• _Work order_: Leave out the images and set down the records below exactly.

• _Supplied entries_:
-- Opening Marker --
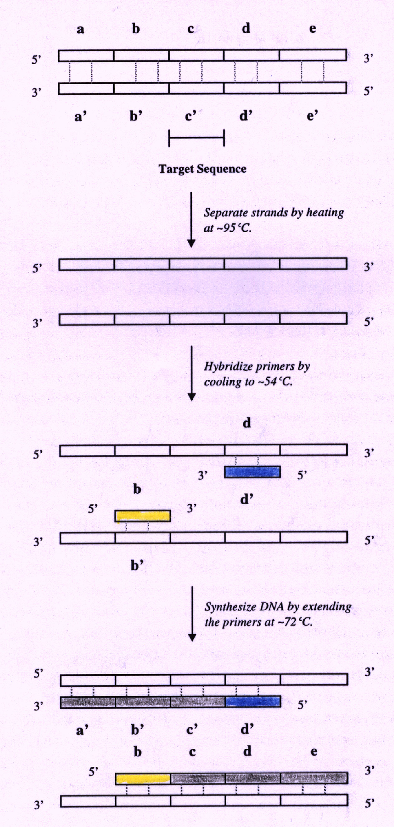"Mr. Cycle" abruptly cools the PCR mixture to around 54 degrees Celsius. The temperature of this step is highly variable, depending on the size of the primer and its homology to the target DNA (McClean 1997). The primers are permitted to hybridize between 15 seconds and 2 minutes (Podzorski et al. 1997). In Figure 1, the two primers, d' and b attach to the flanker regions surrounding the target sequence. The primers are added in excess to prevent the formation of DNA duplexes (Stryer 1995).
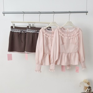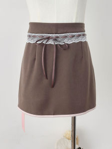 实拍YETINGXI日系甜美天丝长袖衬衣蝴蝶结绑带+收腰撞色半裙套装
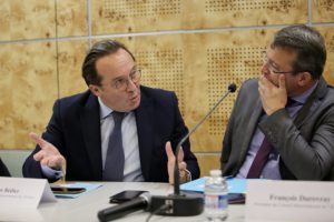 Pierre Bédier, président des Yvelines, aux côtés de François Durovray, président de l’Essonne. © CD78 / N.Duprey
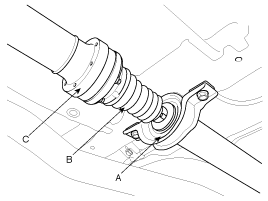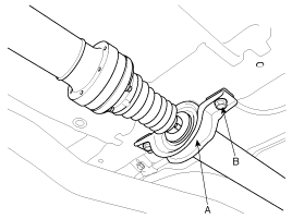 Check the center bearing (A) for excessives
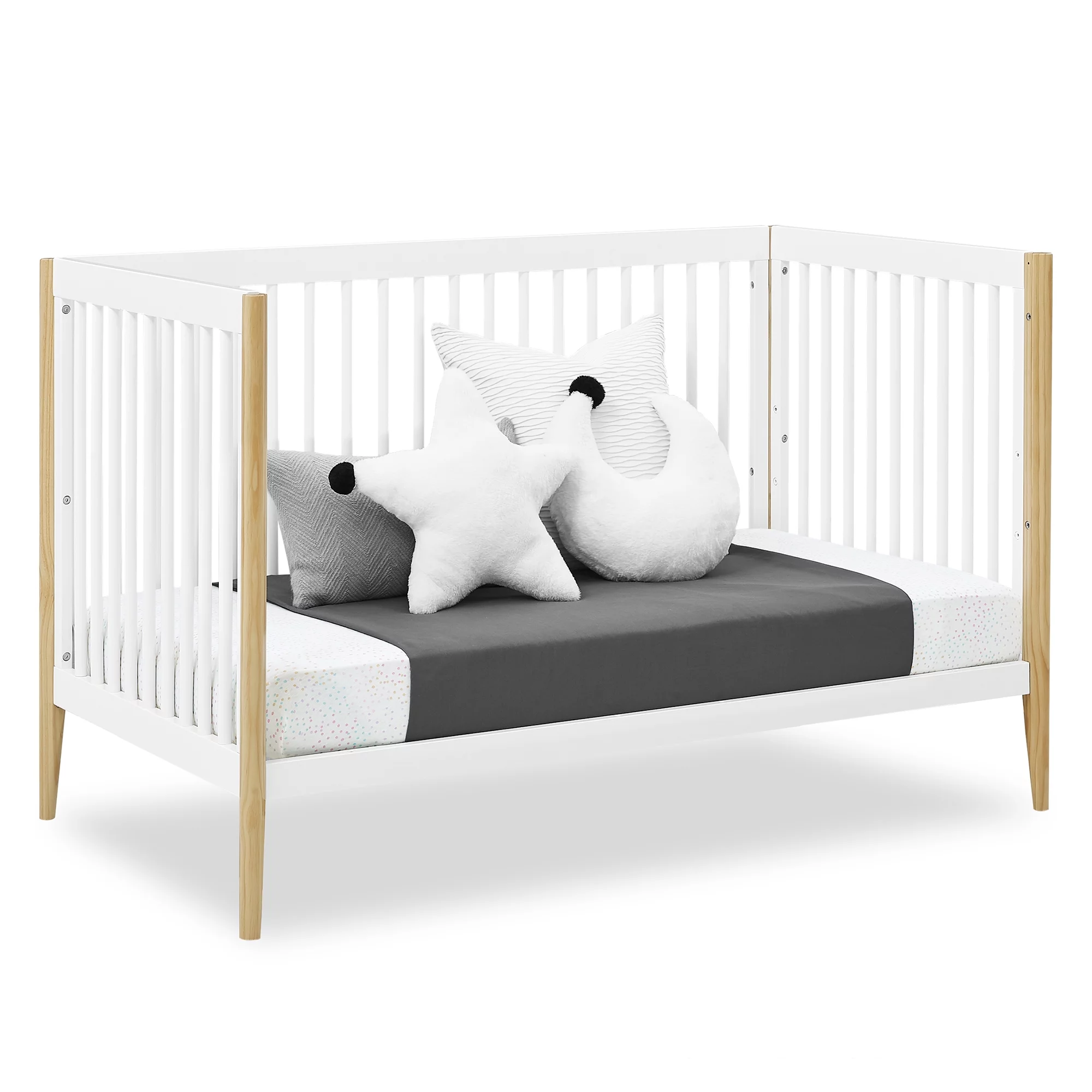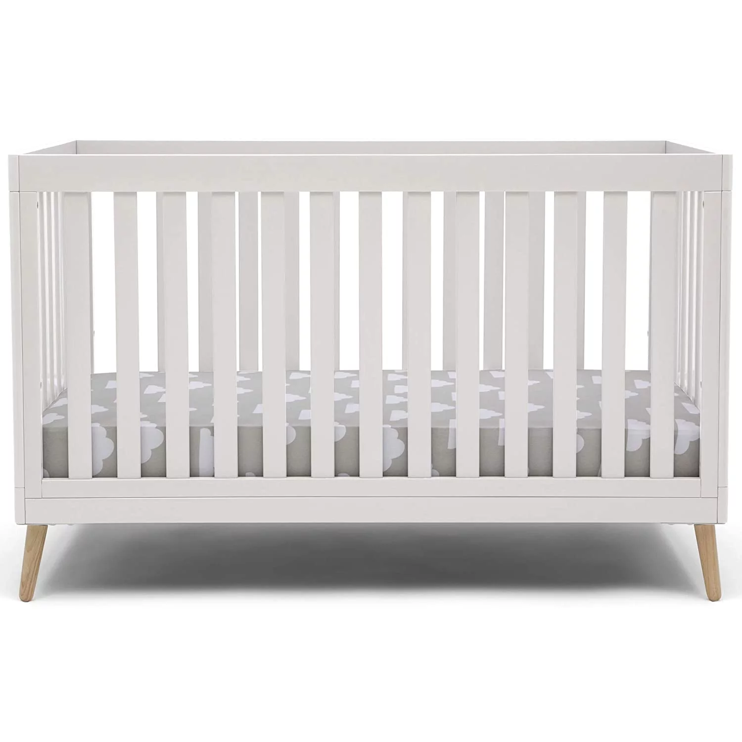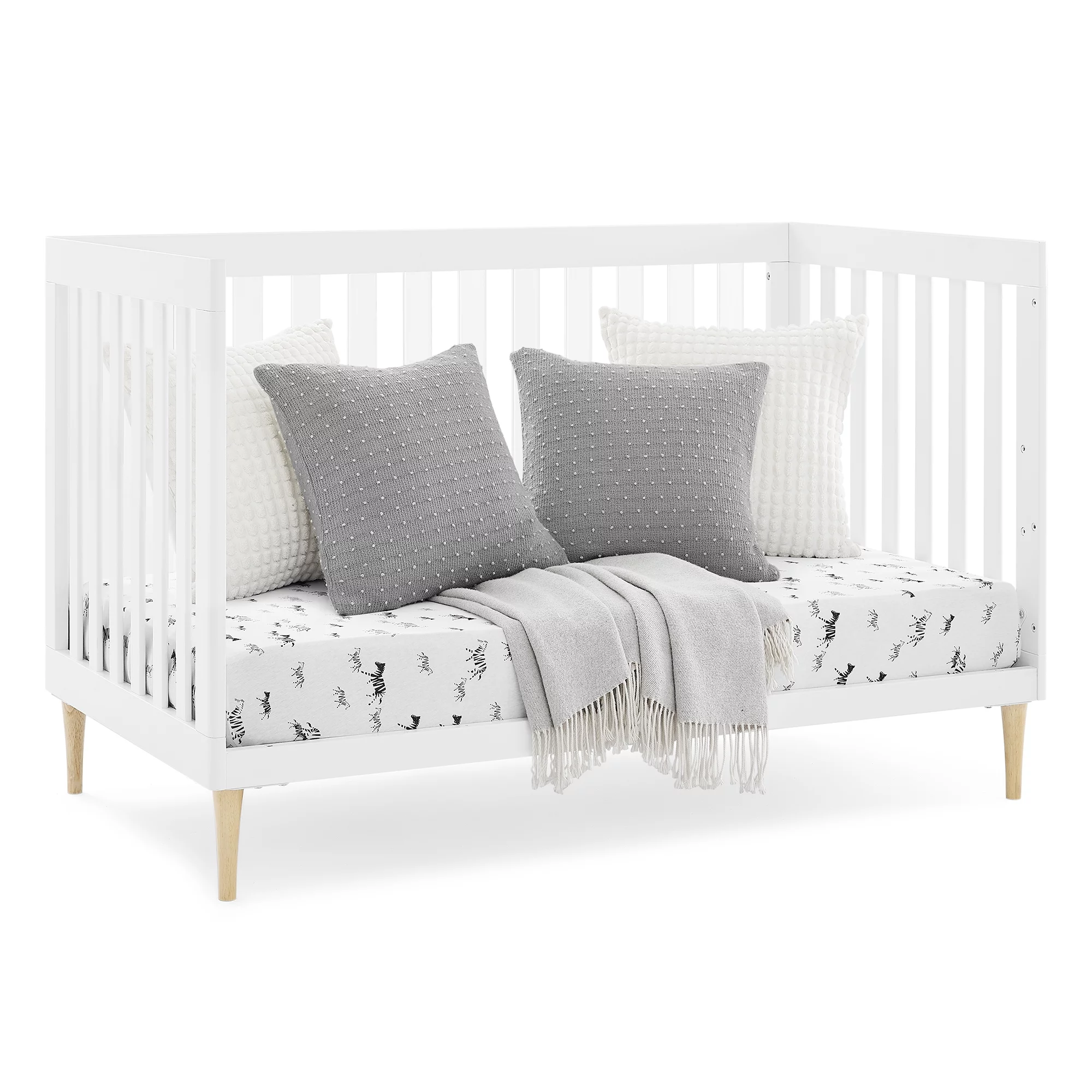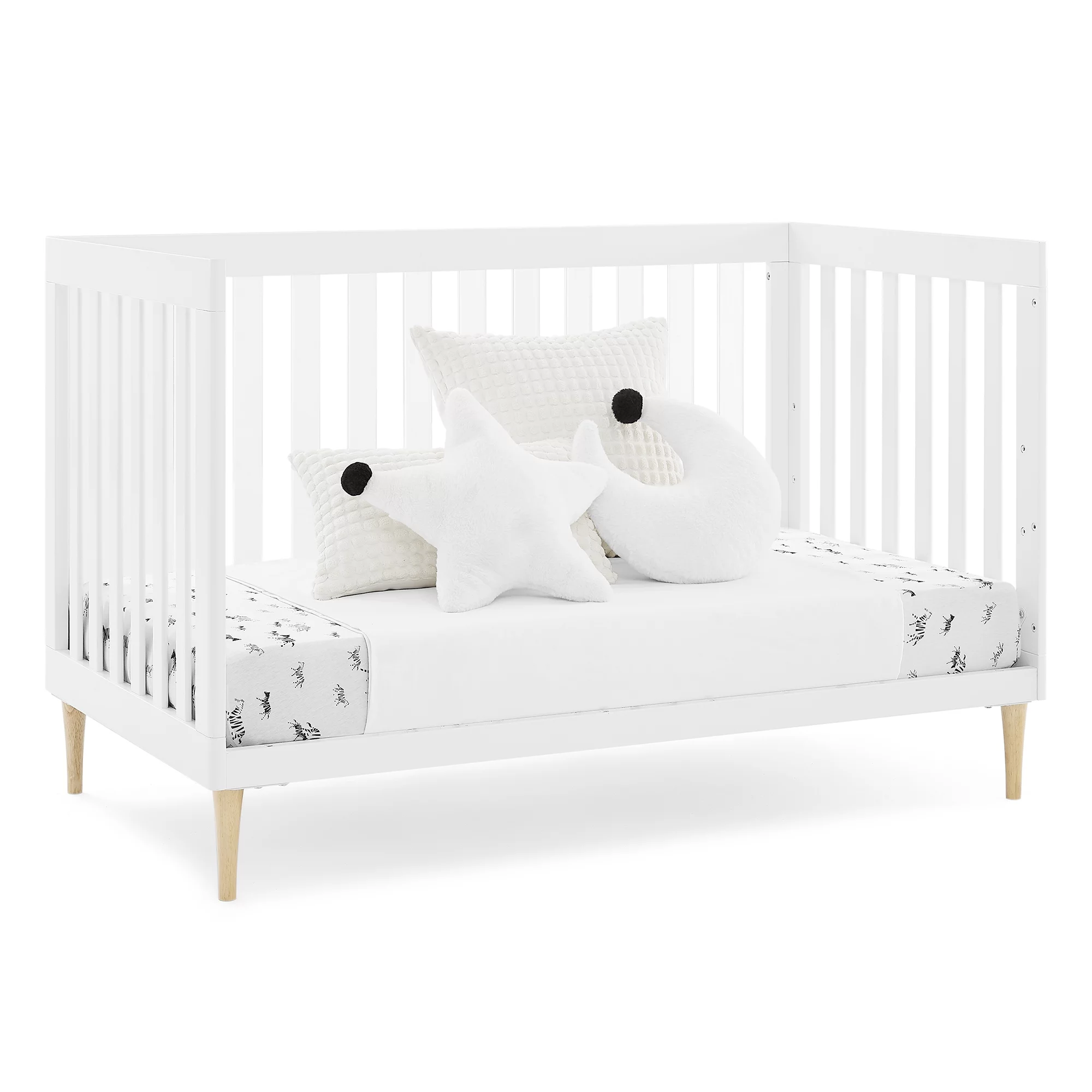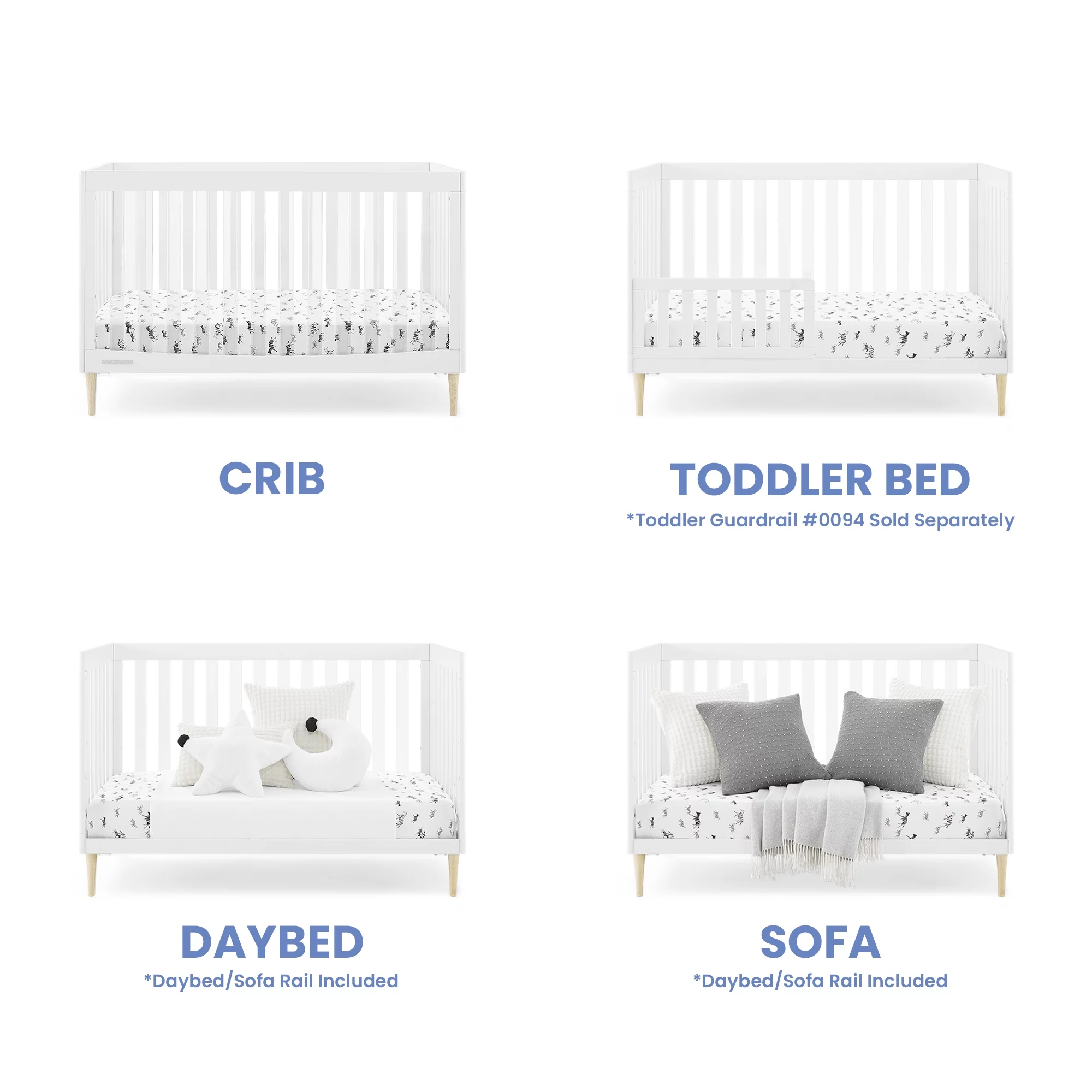 Delta Children Essex 4-in-1 Convertible Baby Crib, Bianca White/Natural Legs
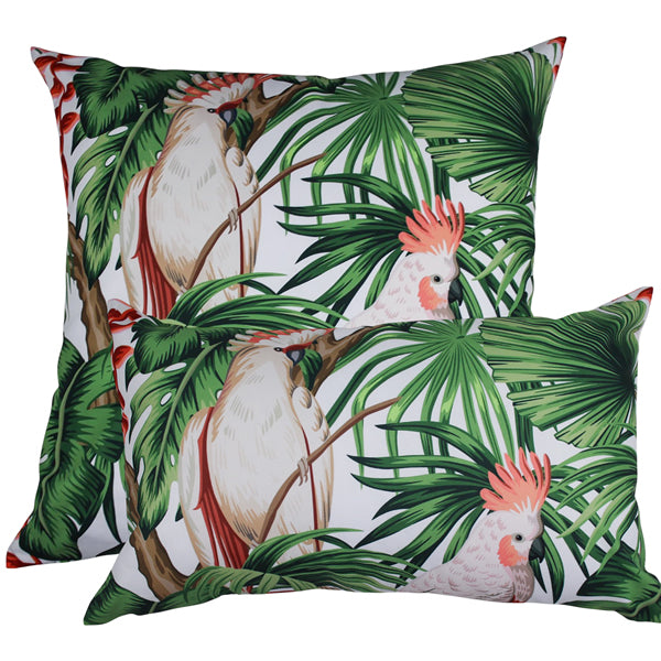 Turn your outdoor space into a tropical retreat with this stunning Cockatoo Paradise cushion. Featuring elegant cockatoos perched among lush green palms and vibrant foliage, its lively print brings a burst of Australian charm to your alfresco setting. The vivid colours and detailed design pop beautifully against the crisp white background, adding freshness and flair to any outdoor lounge or patio. Made from durable, weather-resistant fabric, it’s designed to withstand the elements while keeping your space looking effortlessly stylish.
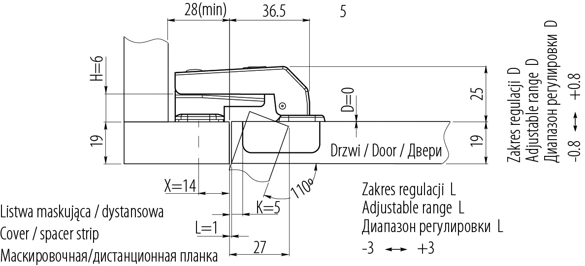 Петля накладная GTV 90 градусов, H-6, короткое плечо, для фальшпанелей, ZP-KTK90H6BE - механизм для открывания фасада под определенным углом, в соответствии с конфигурацией мебельной конструкции. В частности, применяется при использовании в кухонных гарнитурах декоративных плит – фальшпанелей.
-- Closing Marker --
• _Result for this task_:
"Mr. Cycle" abruptly cools the PCR mixture to around 54 degrees Celsius. The temperature of this step is highly variable, depending on the size of the primer and its homology to the target DNA (McClean 1997). The primers are permitted to hybridize between 15 seconds and 2 minutes (Podzorski et al. 1997). In Figure 1, the two primers, d' and b attach to the flanker regions surrounding the target sequence. The primers are added in excess to prevent the formation of DNA duplexes (Stryer 1995).
 实拍YETINGXI日系甜美天丝长袖衬衣蝴蝶结绑带+收腰撞色半裙套装
 Pierre Bédier, président des Yvelines, aux côtés de François Durovray, président de l’Essonne. © CD78 / N.Duprey
 Check the center bearing (A) for excessives
 Delta Children Essex 4-in-1 Convertible Baby Crib, Bianca White/Natural Legs
 Turn your outdoor space into a tropical retreat with this stunning Cockatoo Paradise cushion. Featuring elegant cockatoos perched among lush green palms and vibrant foliage, its lively print brings a burst of Australian charm to your alfresco setting. The vivid colours and detailed design pop beautifully against the crisp white background, adding freshness and flair to any outdoor lounge or patio. Made from durable, weather-resistant fabric, it’s designed to withstand the elements while keeping your space looking effortlessly stylish.
 Петля накладная GTV 90 градусов, H-6, короткое плечо, для фальшпанелей, ZP-KTK90H6BE - механизм для открывания фасада под определенным углом, в соответствии с конфигурацией мебельной конструкции. В частности, применяется при использовании в кухонных гарнитурах декоративных плит – фальшпанелей.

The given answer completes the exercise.